■ **EXERCISE BRIEF**: Without carrying over a single picture, write out the records below exactly.

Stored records
----------
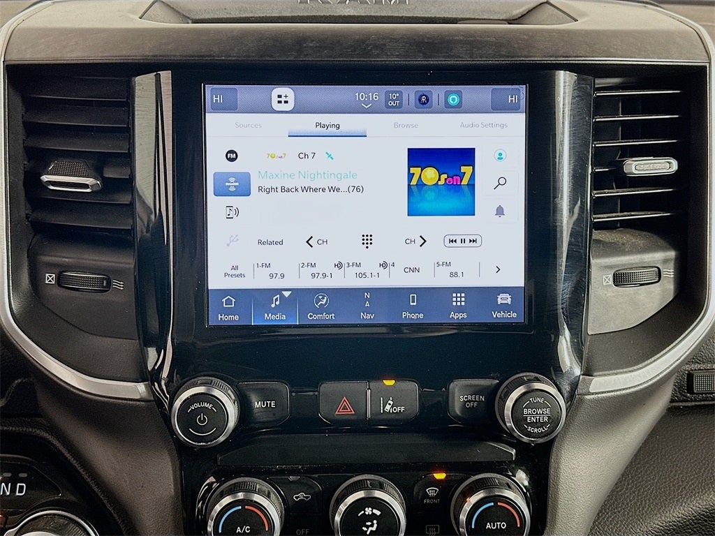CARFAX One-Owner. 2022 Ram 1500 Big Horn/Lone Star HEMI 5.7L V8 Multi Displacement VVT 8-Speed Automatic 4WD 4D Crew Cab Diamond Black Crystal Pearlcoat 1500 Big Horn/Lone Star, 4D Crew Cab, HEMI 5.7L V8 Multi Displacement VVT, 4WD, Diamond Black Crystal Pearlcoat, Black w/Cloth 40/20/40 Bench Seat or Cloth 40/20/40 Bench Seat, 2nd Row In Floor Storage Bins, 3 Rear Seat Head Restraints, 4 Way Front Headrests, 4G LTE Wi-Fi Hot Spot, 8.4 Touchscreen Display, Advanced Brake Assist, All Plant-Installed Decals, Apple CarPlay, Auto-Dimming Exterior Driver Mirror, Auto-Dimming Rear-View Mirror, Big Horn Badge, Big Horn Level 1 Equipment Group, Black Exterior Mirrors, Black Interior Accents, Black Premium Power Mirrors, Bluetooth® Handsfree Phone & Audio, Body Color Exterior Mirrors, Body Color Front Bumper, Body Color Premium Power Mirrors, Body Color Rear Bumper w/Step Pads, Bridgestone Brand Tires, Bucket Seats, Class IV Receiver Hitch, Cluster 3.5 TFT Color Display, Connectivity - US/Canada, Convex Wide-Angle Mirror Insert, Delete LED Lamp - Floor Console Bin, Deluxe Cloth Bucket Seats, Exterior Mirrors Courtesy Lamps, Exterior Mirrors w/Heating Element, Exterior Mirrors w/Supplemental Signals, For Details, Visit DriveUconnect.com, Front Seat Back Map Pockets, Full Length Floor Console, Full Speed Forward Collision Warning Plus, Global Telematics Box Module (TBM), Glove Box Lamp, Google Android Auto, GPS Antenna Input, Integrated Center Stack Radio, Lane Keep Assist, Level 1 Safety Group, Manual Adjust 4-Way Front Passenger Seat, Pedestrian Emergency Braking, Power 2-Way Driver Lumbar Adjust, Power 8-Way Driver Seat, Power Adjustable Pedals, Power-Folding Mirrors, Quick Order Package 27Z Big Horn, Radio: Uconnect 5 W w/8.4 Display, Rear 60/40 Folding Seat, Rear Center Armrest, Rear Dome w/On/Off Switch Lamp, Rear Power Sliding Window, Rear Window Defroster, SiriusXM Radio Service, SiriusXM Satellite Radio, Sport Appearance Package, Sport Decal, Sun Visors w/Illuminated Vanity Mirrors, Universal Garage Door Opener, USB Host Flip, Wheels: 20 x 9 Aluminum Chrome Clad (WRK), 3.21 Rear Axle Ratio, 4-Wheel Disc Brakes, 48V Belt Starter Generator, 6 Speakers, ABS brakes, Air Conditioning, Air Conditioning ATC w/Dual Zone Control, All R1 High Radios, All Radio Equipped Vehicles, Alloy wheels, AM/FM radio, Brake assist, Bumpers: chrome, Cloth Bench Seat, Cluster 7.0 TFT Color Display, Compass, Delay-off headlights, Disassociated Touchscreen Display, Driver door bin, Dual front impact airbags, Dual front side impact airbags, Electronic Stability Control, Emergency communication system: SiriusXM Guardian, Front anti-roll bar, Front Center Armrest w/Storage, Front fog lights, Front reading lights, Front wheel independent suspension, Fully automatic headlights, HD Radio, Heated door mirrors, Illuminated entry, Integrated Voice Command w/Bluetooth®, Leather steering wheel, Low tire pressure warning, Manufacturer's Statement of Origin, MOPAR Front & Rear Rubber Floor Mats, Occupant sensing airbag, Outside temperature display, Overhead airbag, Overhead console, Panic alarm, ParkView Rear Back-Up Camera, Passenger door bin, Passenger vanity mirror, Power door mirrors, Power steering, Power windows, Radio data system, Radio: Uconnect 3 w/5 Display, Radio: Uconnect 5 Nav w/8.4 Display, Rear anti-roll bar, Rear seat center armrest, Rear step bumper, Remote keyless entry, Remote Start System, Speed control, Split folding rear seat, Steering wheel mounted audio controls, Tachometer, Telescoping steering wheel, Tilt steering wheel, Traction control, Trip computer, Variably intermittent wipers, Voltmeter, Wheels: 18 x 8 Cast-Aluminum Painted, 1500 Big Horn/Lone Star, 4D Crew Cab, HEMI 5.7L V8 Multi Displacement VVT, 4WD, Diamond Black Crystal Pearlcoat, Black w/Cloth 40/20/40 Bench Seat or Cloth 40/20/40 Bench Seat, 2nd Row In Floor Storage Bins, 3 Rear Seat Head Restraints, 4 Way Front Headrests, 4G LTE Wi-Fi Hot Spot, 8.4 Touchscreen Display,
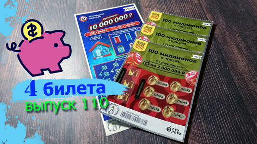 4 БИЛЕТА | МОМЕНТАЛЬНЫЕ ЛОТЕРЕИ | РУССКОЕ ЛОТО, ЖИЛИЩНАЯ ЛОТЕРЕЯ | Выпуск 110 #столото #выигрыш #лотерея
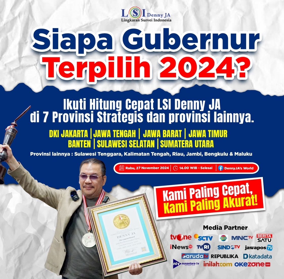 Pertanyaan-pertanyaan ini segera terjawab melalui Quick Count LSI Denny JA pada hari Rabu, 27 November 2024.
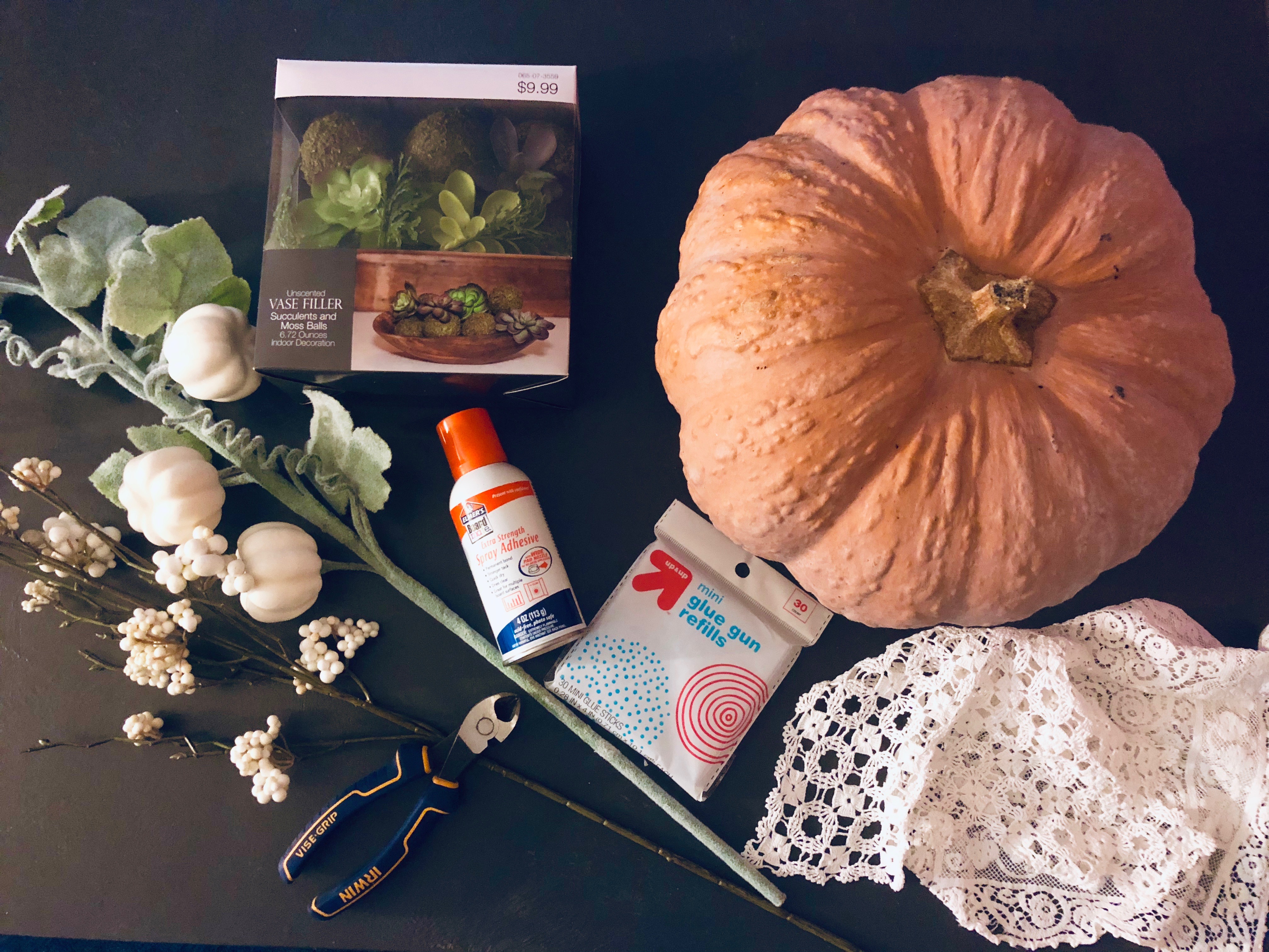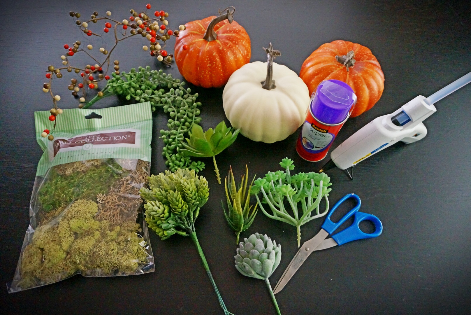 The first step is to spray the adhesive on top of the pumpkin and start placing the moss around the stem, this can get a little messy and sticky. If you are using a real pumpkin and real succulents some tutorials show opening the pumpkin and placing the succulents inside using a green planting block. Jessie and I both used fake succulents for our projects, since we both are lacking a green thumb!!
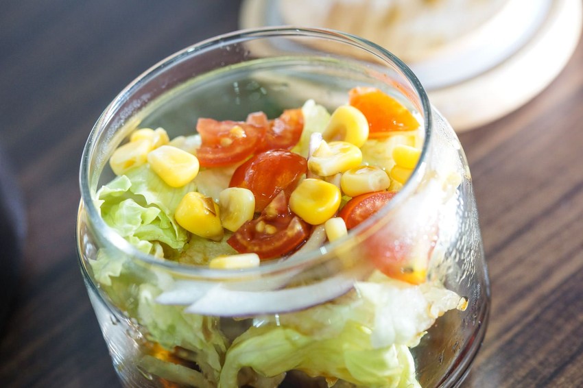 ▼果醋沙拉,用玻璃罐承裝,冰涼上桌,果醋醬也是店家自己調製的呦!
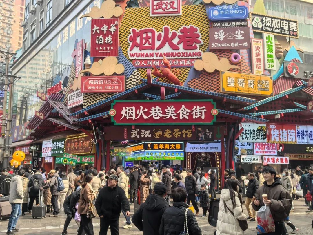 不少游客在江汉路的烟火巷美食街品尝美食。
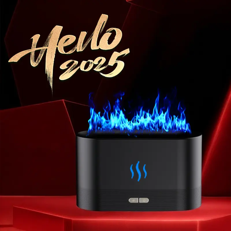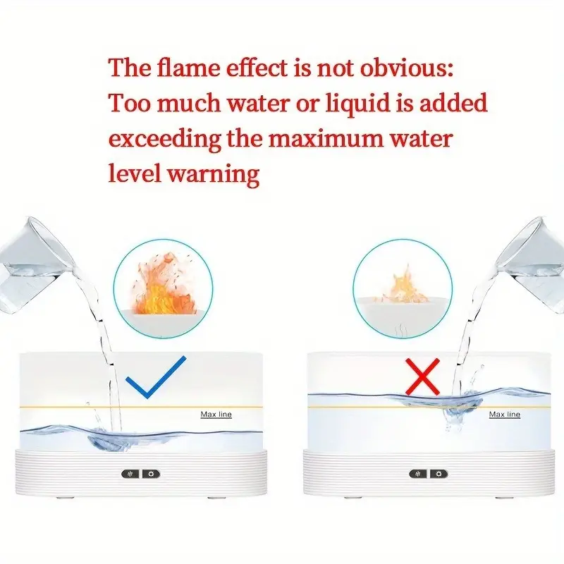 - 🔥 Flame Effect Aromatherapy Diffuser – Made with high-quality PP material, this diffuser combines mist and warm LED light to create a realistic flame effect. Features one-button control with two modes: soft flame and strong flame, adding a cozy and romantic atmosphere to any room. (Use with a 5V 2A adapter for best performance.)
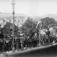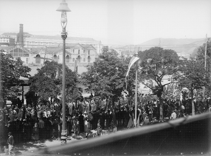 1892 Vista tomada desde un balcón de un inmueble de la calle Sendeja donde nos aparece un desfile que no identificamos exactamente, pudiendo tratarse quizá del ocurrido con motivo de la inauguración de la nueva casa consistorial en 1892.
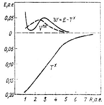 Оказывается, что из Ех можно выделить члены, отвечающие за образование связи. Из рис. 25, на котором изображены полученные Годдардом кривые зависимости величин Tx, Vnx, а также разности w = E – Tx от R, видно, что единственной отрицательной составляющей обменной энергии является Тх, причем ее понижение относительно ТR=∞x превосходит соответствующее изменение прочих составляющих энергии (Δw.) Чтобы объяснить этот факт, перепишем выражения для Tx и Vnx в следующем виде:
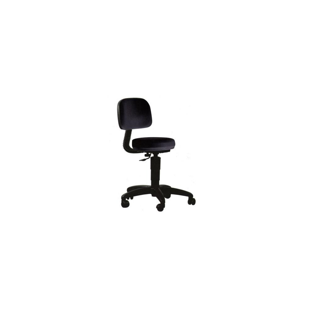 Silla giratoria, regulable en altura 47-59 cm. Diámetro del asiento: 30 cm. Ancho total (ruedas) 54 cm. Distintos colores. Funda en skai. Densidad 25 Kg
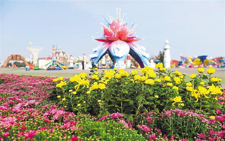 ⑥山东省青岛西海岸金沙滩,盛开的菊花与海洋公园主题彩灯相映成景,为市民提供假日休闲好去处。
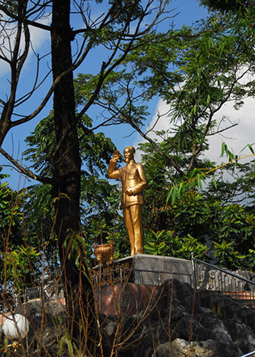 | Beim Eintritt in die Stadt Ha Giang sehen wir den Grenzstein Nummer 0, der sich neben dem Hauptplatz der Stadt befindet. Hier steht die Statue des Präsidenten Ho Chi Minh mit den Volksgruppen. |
----------
■ **ANSWER BOX**:
CARFAX One-Owner. 2022 Ram 1500 Big Horn/Lone Star HEMI 5.7L V8 Multi Displacement VVT 8-Speed Automatic 4WD 4D Crew Cab Diamond Black Crystal Pearlcoat 1500 Big Horn/Lone Star, 4D Crew Cab, HEMI 5.7L V8 Multi Displacement VVT, 4WD, Diamond Black Crystal Pearlcoat, Black w/Cloth 40/20/40 Bench Seat or Cloth 40/20/40 Bench Seat, 2nd Row In Floor Storage Bins, 3 Rear Seat Head Restraints, 4 Way Front Headrests, 4G LTE Wi-Fi Hot Spot, 8.4 Touchscreen Display, Advanced Brake Assist, All Plant-Installed Decals, Apple CarPlay, Auto-Dimming Exterior Driver Mirror, Auto-Dimming Rear-View Mirror, Big Horn Badge, Big Horn Level 1 Equipment Group, Black Exterior Mirrors, Black Interior Accents, Black Premium Power Mirrors, Bluetooth® Handsfree Phone & Audio, Body Color Exterior Mirrors, Body Color Front Bumper, Body Color Premium Power Mirrors, Body Color Rear Bumper w/Step Pads, Bridgestone Brand Tires, Bucket Seats, Class IV Receiver Hitch, Cluster 3.5 TFT Color Display, Connectivity - US/Canada, Convex Wide-Angle Mirror Insert, Delete LED Lamp - Floor Console Bin, Deluxe Cloth Bucket Seats, Exterior Mirrors Courtesy Lamps, Exterior Mirrors w/Heating Element, Exterior Mirrors w/Supplemental Signals, For Details, Visit DriveUconnect.com, Front Seat Back Map Pockets, Full Length Floor Console, Full Speed Forward Collision Warning Plus, Global Telematics Box Module (TBM), Glove Box Lamp, Google Android Auto, GPS Antenna Input, Integrated Center Stack Radio, Lane Keep Assist, Level 1 Safety Group, Manual Adjust 4-Way Front Passenger Seat, Pedestrian Emergency Braking, Power 2-Way Driver Lumbar Adjust, Power 8-Way Driver Seat, Power Adjustable Pedals, Power-Folding Mirrors, Quick Order Package 27Z Big Horn, Radio: Uconnect 5 W w/8.4 Display, Rear 60/40 Folding Seat, Rear Center Armrest, Rear Dome w/On/Off Switch Lamp, Rear Power Sliding Window, Rear Window Defroster, SiriusXM Radio Service, SiriusXM Satellite Radio, Sport Appearance Package, Sport Decal, Sun Visors w/Illuminated Vanity Mirrors, Universal Garage Door Opener, USB Host Flip, Wheels: 20 x 9 Aluminum Chrome Clad (WRK), 3.21 Rear Axle Ratio, 4-Wheel Disc Brakes, 48V Belt Starter Generator, 6 Speakers, ABS brakes, Air Conditioning, Air Conditioning ATC w/Dual Zone Control, All R1 High Radios, All Radio Equipped Vehicles, Alloy wheels, AM/FM radio, Brake assist, Bumpers: chrome, Cloth Bench Seat, Cluster 7.0 TFT Color Display, Compass, Delay-off headlights, Disassociated Touchscreen Display, Driver door bin, Dual front impact airbags, Dual front side impact airbags, Electronic Stability Control, Emergency communication system: SiriusXM Guardian, Front anti-roll bar, Front Center Armrest w/Storage, Front fog lights, Front reading lights, Front wheel independent suspension, Fully automatic headlights, HD Radio, Heated door mirrors, Illuminated entry, Integrated Voice Command w/Bluetooth®, Leather steering wheel, Low tire pressure warning, Manufacturer's Statement of Origin, MOPAR Front & Rear Rubber Floor Mats, Occupant sensing airbag, Outside temperature display, Overhead airbag, Overhead console, Panic alarm, ParkView Rear Back-Up Camera, Passenger door bin, Passenger vanity mirror, Power door mirrors, Power steering, Power windows, Radio data system, Radio: Uconnect 3 w/5 Display, Radio: Uconnect 5 Nav w/8.4 Display, Rear anti-roll bar, Rear seat center armrest, Rear step bumper, Remote keyless entry, Remote Start System, Speed control, Split folding rear seat, Steering wheel mounted audio controls, Tachometer, Telescoping steering wheel, Tilt steering wheel, Traction control, Trip computer, Variably intermittent wipers, Voltmeter, Wheels: 18 x 8 Cast-Aluminum Painted, 1500 Big Horn/Lone Star, 4D Crew Cab, HEMI 5.7L V8 Multi Displacement VVT, 4WD, Diamond Black Crystal Pearlcoat, Black w/Cloth 40/20/40 Bench Seat or Cloth 40/20/40 Bench Seat, 2nd Row In Floor Storage Bins, 3 Rear Seat Head Restraints, 4 Way Front Headrests, 4G LTE Wi-Fi Hot Spot, 8.4 Touchscreen Display,
 4 БИЛЕТА | МОМЕНТАЛЬНЫЕ ЛОТЕРЕИ | РУССКОЕ ЛОТО, ЖИЛИЩНАЯ ЛОТЕРЕЯ | Выпуск 110 #столото #выигрыш #лотерея
 Pertanyaan-pertanyaan ini segera terjawab melalui Quick Count LSI Denny JA pada hari Rabu, 27 November 2024.
 The first step is to spray the adhesive on top of the pumpkin and start placing the moss around the stem, this can get a little messy and sticky. If you are using a real pumpkin and real succulents some tutorials show opening the pumpkin and placing the succulents inside using a green planting block. Jessie and I both used fake succulents for our projects, since we both are lacking a green thumb!!
 ▼果醋沙拉,用玻璃罐承裝,冰涼上桌,果醋醬也是店家自己調製的呦!
 不少游客在江汉路的烟火巷美食街品尝美食。
 - 🔥 Flame Effect Aromatherapy Diffuser – Made with high-quality PP material, this diffuser combines mist and warm LED light to create a realistic flame effect. Features one-button control with two modes: soft flame and strong flame, adding a cozy and romantic atmosphere to any room. (Use with a 5V 2A adapter for best performance.)
 1892 Vista tomada desde un balcón de un inmueble de la calle Sendeja donde nos aparece un desfile que no identificamos exactamente, pudiendo tratarse quizá del ocurrido con motivo de la inauguración de la nueva casa consistorial en 1892.
 Оказывается, что из Ех можно выделить члены, отвечающие за образование связи. Из рис. 25, на котором изображены полученные Годдардом кривые зависимости величин Tx, Vnx, а также разности w = E – Tx от R, видно, что единственной отрицательной составляющей обменной энергии является Тх, причем ее понижение относительно ТR=∞x превосходит соответствующее изменение прочих составляющих энергии (Δw.) Чтобы объяснить этот факт, перепишем выражения для Tx и Vnx в следующем виде:
 Silla giratoria, regulable en altura 47-59 cm. Diámetro del asiento: 30 cm. Ancho total (ruedas) 54 cm. Distintos colores. Funda en skai. Densidad 25 Kg
 ⑥山东省青岛西海岸金沙滩,盛开的菊花与海洋公园主题彩灯相映成景,为市民提供假日休闲好去处。
 | Beim Eintritt in die Stadt Ha Giang sehen wir den Grenzstein Nummer 0, der sich neben dem Hauptplatz der Stadt befindet. Hier steht die Statue des Präsidenten Ho Chi Minh mit den Volksgruppen. |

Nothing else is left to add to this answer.